What are conditions for affine transform $ w \begin{pmatrix} x_{1}\\ x_{2} \end{pmatrix} = A x + t= \begin{pmatrix} a & b \\ c & d\end{pmatrix} \begin{pmatrix} x_{1} \\ x_{2} \end{pmatrix} + \begin{pmatrix} e \\ f \end{pmatrix} $ to be a contraction on $\mathbb{R}^2$ ?

First, I found in Barnsely, "Fractals Everywhere", that if $S\subset R^2$, then $area(A(S)) = |det A| ( area(S))$. Is it then sufficient to hold: $|det A|< 1$?

Second, how is this connected with a condition that $w$ is contractive when $ ||A||_{2} < 1$? Are these conditions equivalent?

Answer 1

The first condition is not equivalent, as it uses the area, whereas contraction is about length. To see why, consider the matrix $$\begin{pmatrix} a&0\\0&\frac1{a^2}\end{pmatrix}.$$

We can make $a$ arbitrarily large and the determinant will get arbitrarily small, but it still won't be a contraction - things still get stretched in one direction.

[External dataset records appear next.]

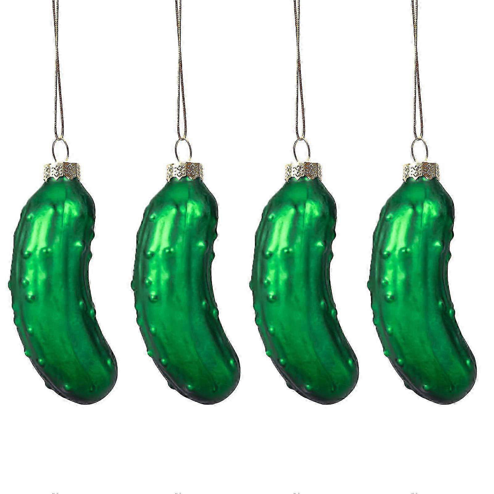 4pcs Glass Cucumber Christmas Ornaments Hanging Decorations Tree Pendants
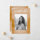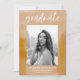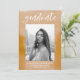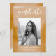 Modern watercolor graduation announcements featuring the graduate's photo with an ochre watercolor background. "Graduate" is displayed at the top of the invite in a white, hand-lettered watercolor script with the graduate's name, school name, and class year at the bottom.
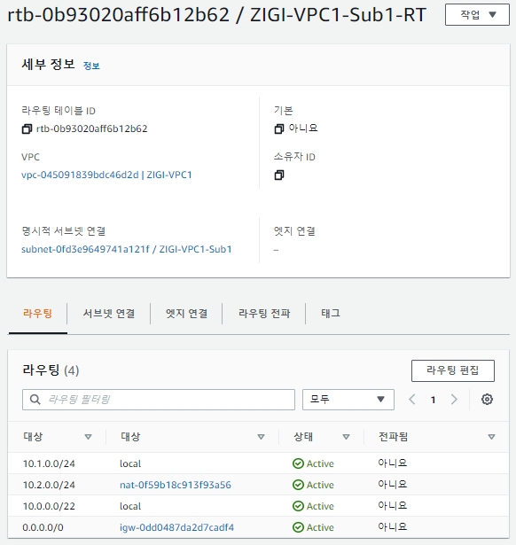 이제 ZIGI-VPC1과 ZIGI-VPC2에서 라우팅 설정을 합니다.
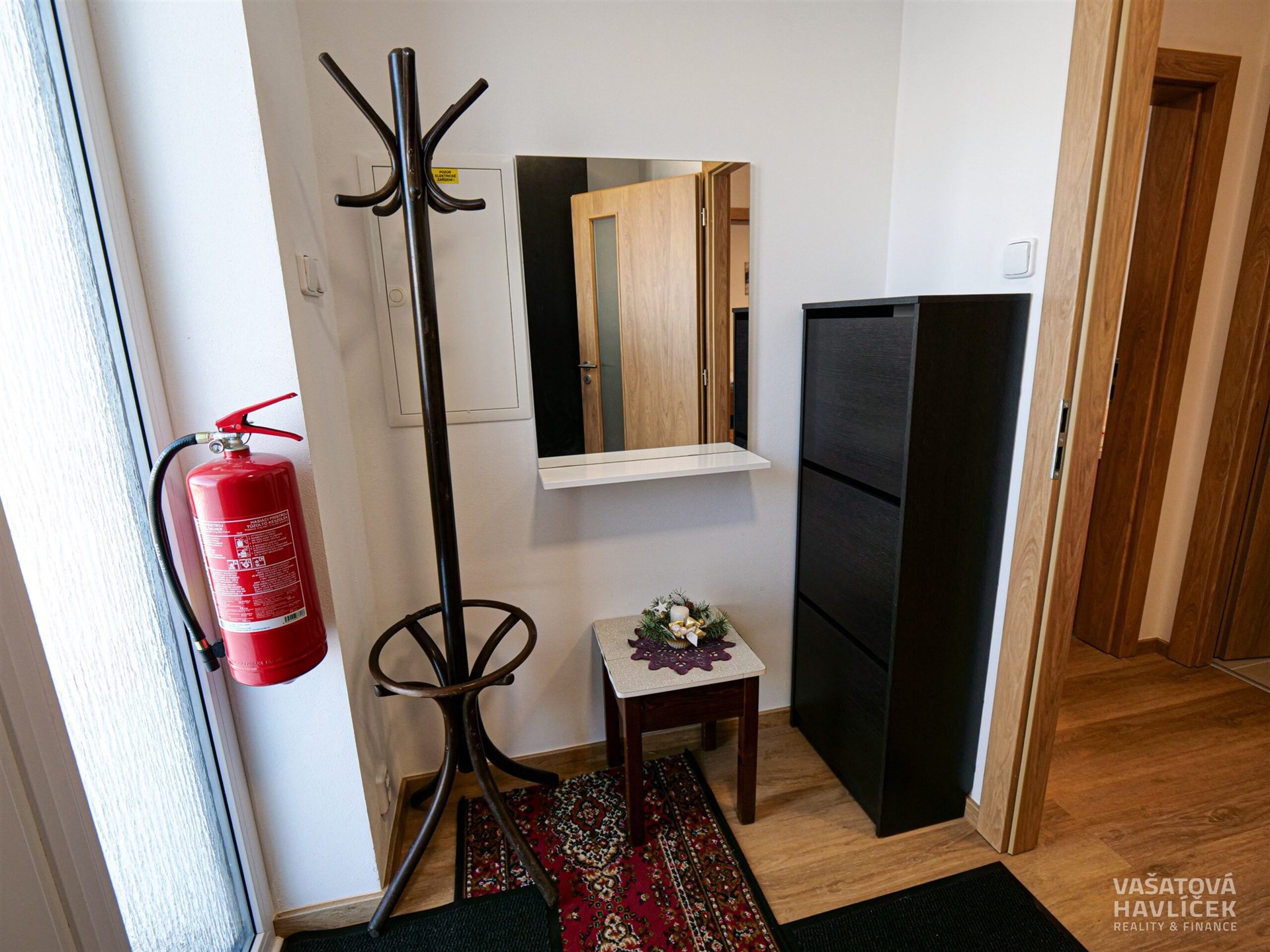 > šatní skříň, věšák a botník
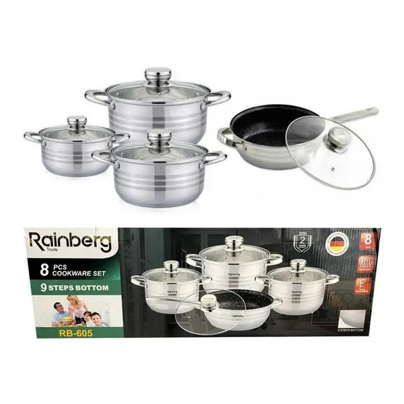 Набір каструль Rainberg RB-605 з 8 предметів Даний набір порадує будь-якого кухаря або домогосподарку своєю практичністю та зручним використанням. У ньому Ви знайдете: три каструлі, сковорідку та кришки. Це великий і якісний набір, виготовлений з екологічно чистої нержавіючої сталі. Посуд оснащений скляними кришками. Капсульне, індукційне дно швидко прогрівається і рівномірно розподіляє тепло. Після використання Ви зможете помити каструлі та інші вироби з набору самостійно або відправити в посудомийну машину. Особливості: Приємна на дотик поверхня. Класичний, красивий дизайн. Ергономічні ручки. Характеристики: Тип: набір; Матеріал: високоякісна нержавіюча сталь 1810; Кількість: 8 шт; Дно: капсульне 9-шарове, індукція; Мірна шкала; Можна мити в посудомийній машині. Комплектація: Каструля 1,8 л з кришкою. Каструля 3,1 л з кришкою. Каструля 6,3 л з кришкою. Сковорідка з антипригарним покриттям Ø24 х 6.5 см 2,9 л з кришкою. Коробка.
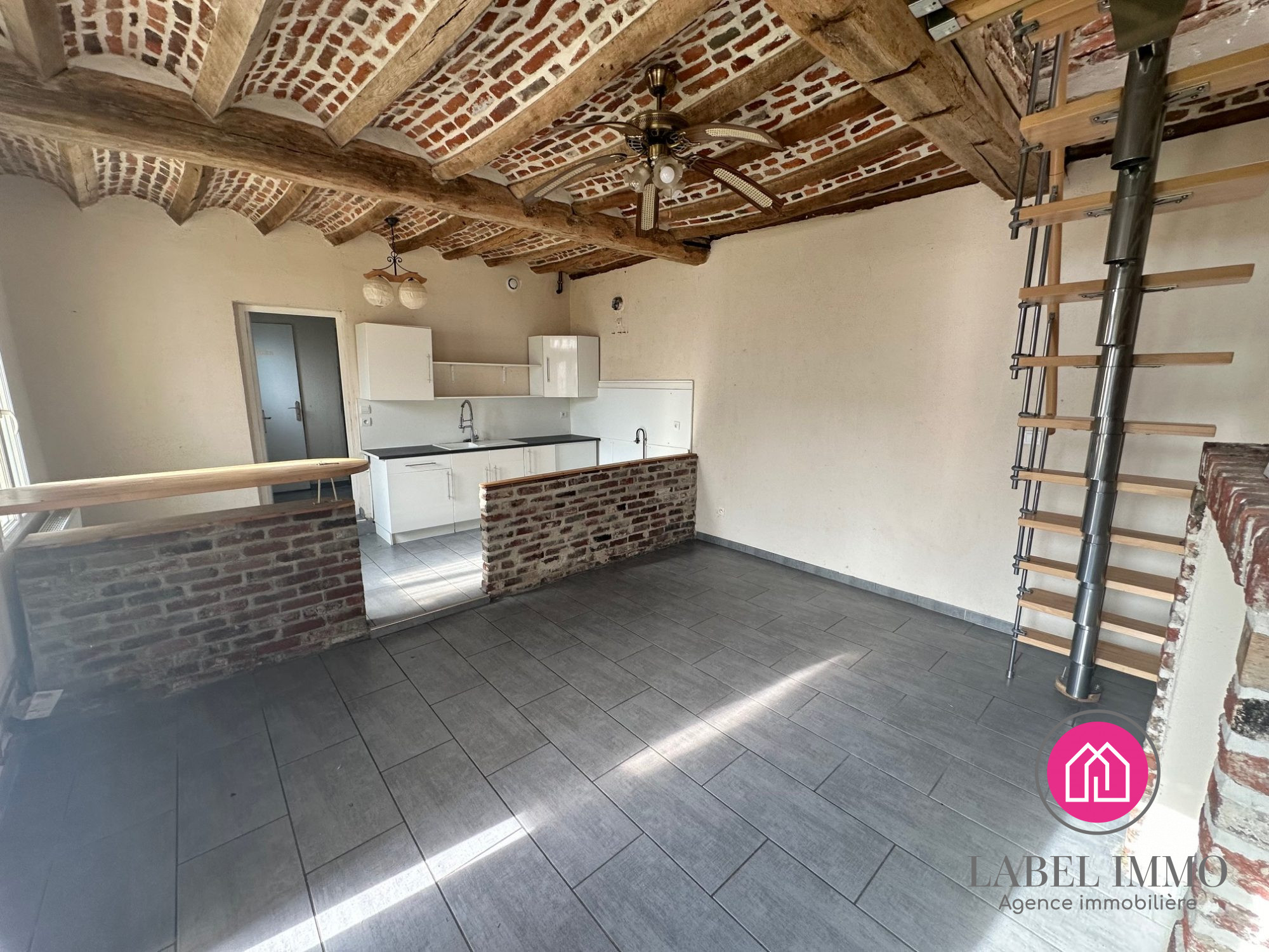loyer 550 /mois Hors charges compteur d'eau individuel une belle pièce de vie avec cuisine aménagée ouverte sur les séjour salon une chambre coin bureau en mezzanine parquet neuf sur toute la surface du logement
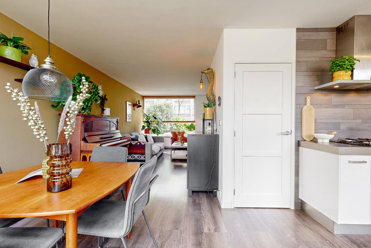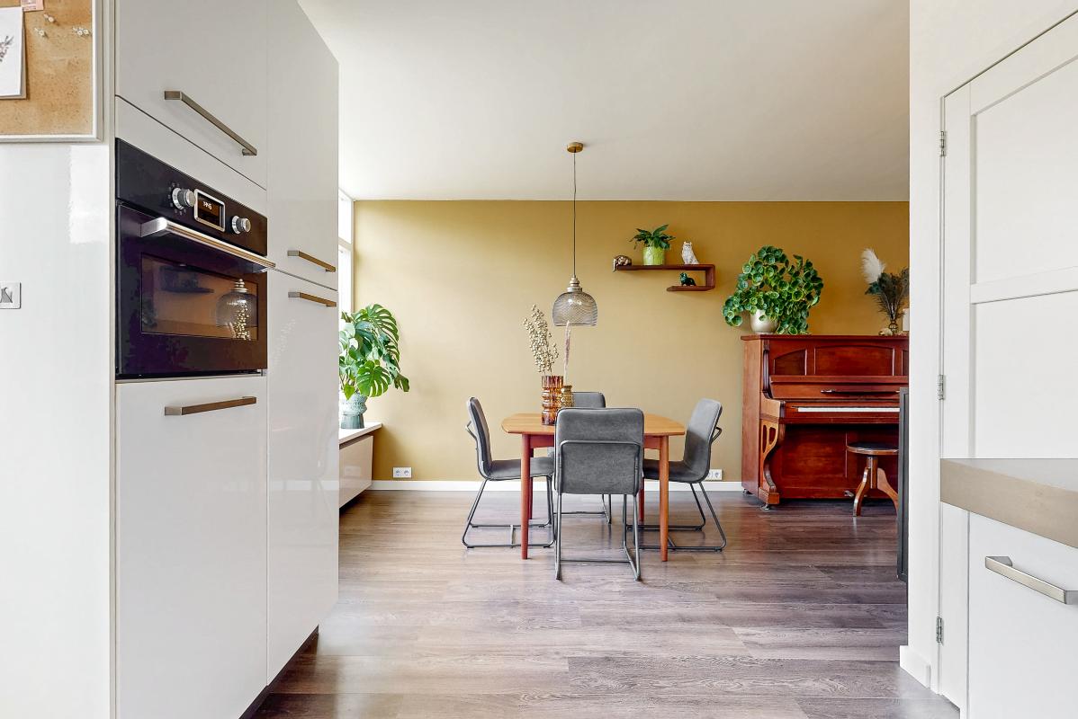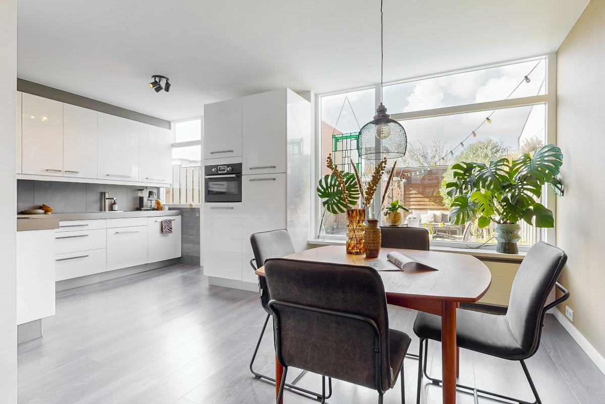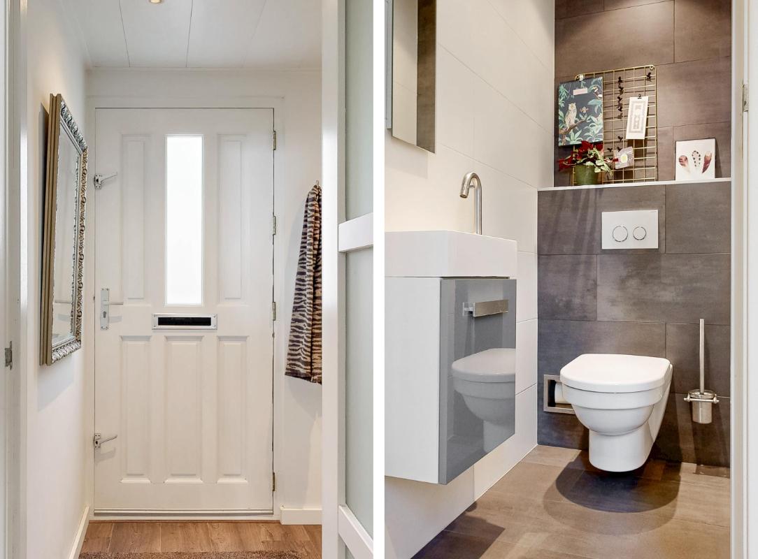 Bij binnenkomst vind je een praktische entree met plek voor jassen en schoenen en een modern toilet. De lichte woonkamer biedt ruimte voor een gezellige zithoek en heeft een groot raam met uitzicht op de voortuin, waarbij je door het volwassen groen prettig beschut zit. De keuken is voorzien van alle inbouwapparatuur, biedt ruimte voor een fijne eethoek en toegang tot een praktische berg-/provisiekast met de CV-opstelling.
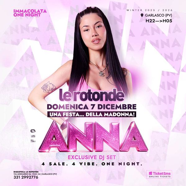 Domenica 7 dicembre ANNA – LE ROTONDE alla Discoteca Le Rotonde Garlasco una serata hip hop e commerciale con ospite speciale ANNA
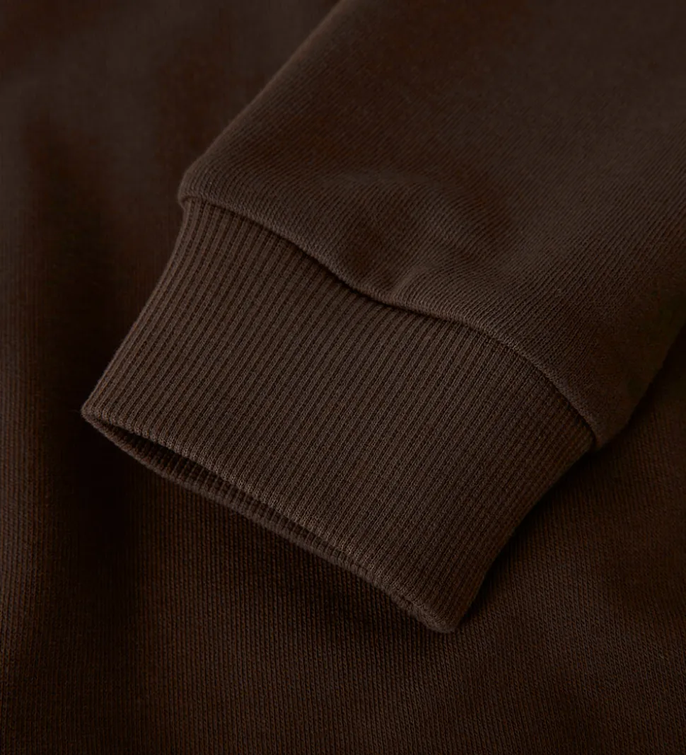 Stilren Name It hættetrøje i en dyb, mørkebrun farve. Hættetrøjen har en klassisk hætte og ribkanter ved ærmerne og nederst, som giver et afslappet look. En funktionel tilføjelse til garderoben.
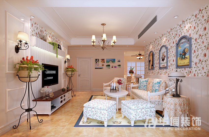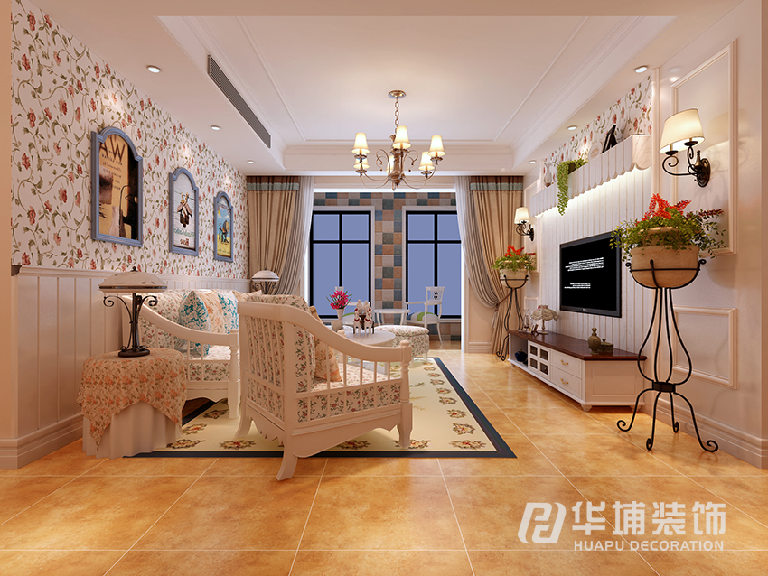 慣用了風(fēng)格里面的特點 上墻碎花壁紙 下墻白色墻板 和客廳的正面起到呼應(yīng)的效果沒有過多華麗的造型 后期加以軟裝掛畫作為點睛。
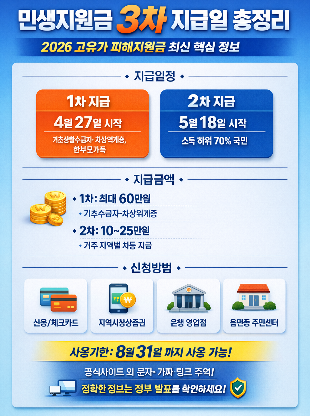 신청 시간도 꼭 알아둘 필요가 있습니다. 공식 안내 기준으로 온라인 신청은 신청 기간 동안 24시간 가능하고, 오프라인 신청은 평일 오전 9시부터 오후 6시까지, 은행 영업점은 오후 4시까지 운영됩니다. 다만 신청 첫 주에는 혼잡을 막기 위해 출생연도 끝자리 요일제가 적용됩니다. 월요일은 1과 6, 화요일은 2와 7, 수요일은 3과 8, 목요일은 4와 9, 금요일은 5와 0이 신청할 수 있습니다. 이번 1차 지급 기간에는 5월 1일이 공휴일이라 4월 30일에는 4·9뿐 아니라 5·0도 함께 신청 가능하도록 조정됐다는 점도 새로 나온 실무 정보입니다. 사용 기한도 확정됐습니다. 1차와 2차로 지급된 지원금은 모두 8월 31일 24시까지 사용해야 합니다. 사용처는 주소지 관할 지방정부 기준으로 운영되는 범위 안에서 적용되며, 카드로 신청한 경우에는 신청 다음 날 충전되고, 지역사랑상품권 역시 신청 다음 날 지급되는 방식으로 안내됐습니다. 빠르게 지급받을 수 있다는 점은 장점이지만, 사용 기한이 명확하므로 받기만 하고 보관하면 소멸될 수 있다는 점은 꼭 기억해야 합니다. 정리하면 지금 가장 중요한 핵심은 세 가지입니다. 첫째, 공식 명칭은 민생지원금 3차가 아니라 고유가 피해지원금입니다. 둘째, 지급은 4월 27일 1차, 5월 18일 2차로 시작됩니다. 셋째, 신청 장소는 카드사 앱·홈페이지, 지역사랑상품권 앱, 은행 영업점, 읍면동 주민센터로 나뉘며, 본인 상황에 맞는 방식을 선택해야 합니다. 이런 지원금은 항상 가짜 신청 링크나 문자 피싱이 따라붙기 때문에, 실제 확인은 정책브리핑과 정부 공식 발표 기준으로 하는 것이 가장 안전합니다.

You can see this in another light by considering the eigenvalues of the matrix. To be a contraction you need all of the eigenvalues to be less than $1$, while the determinant only tells you about their product.

Answer 2

Let $f:(E_1,d_1)\rightarrow (E_2,d_2)$. $f$ is a contractive mapping iff there is $k\in [0,1)$ s.t. for every $x,y$, $d_2(f(x),f(y))\le kd_1(x,y)$; $f$ is a contraction mapping when $E_1=E_2,d_1=d_2$.

Here, $E_1=E_2$ and assume that $w$ is a contraction for $d(x,y)=||x-y||_2$. Then for every $x,y$, $||A(x-y)||_2\leq k||x-y||_2$; that is equivalent to $\sup_{||u||=1}||Au||_2\leq k$; that is, there is $k<1$ s.t. $||A||_2\leq k$.

Conclusion. $w$ is a contraction iff $\rho(AA^T)<1$.

Remark. The condition $\rho(A)<1$, given by @Carmeister, is necessary but it does not suffice; indeed (for example) the matrix $A=\begin{pmatrix}0&a\\0&0\end{pmatrix}$ is a contraction only for $|a|<1$.